Although the numbers are not out yet, the consensus between JFM and our widespread customer base is that marketing dollars are flowing again. Both in North America and abroad, inquiries to direct marketers for many types of cross media marketing programs are on the rise. In our mind, there are three reasons for the sudden increase.
1. Executive teams that have been hording cash in the face of the liquidity crisis have begun to loosen the purse strings. Although we are by no means out of the woods and liquidity remains a major issue for many businesses, sitting tight, especially in the face of competitor activity, is not a viable long term strategy. Considering that the meaning of “long term” is now often measured in a few quarters rather than years, the shift is almost inevitable.
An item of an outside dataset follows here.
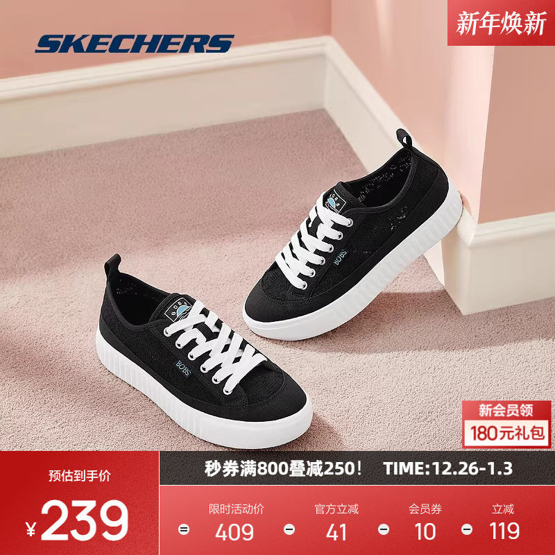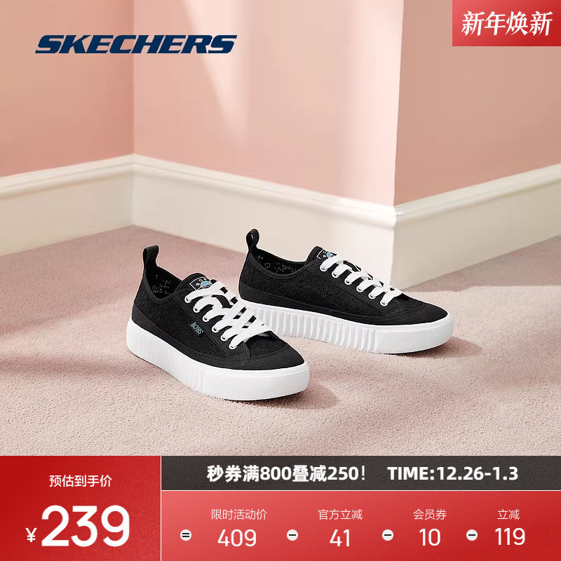 斯凯奇板鞋厚底帆布鞋透气时尚简约百搭休闲鞋小白鞋子舒适轻便

2. Sales pipelines have emptied and new leads are required to keep sales coming in the door. The decrease in traffic to web sites, call centers, and brick & mortar locations needs both direct marketing and advertising to overcome the drop.
3. Even though overall marketing budgets may have decreased dramatically, the cash earmarked for cross media applications has stayed constant or grown as an absolute figure. As executives loosen the purse strings these programs have received a disproportionately large share of the available funds.
Marketing service providers that incorporate multiple cross media channels in their product mix, including email, PURLs, variable data print, dimensional mail, and more have seen a large increase in both inquiries and sales. It is not too late to enter into these markets by partnering with a firm capable of providing more than just the back end technology for cross media, but also the marketing expertise to make campaigns successful.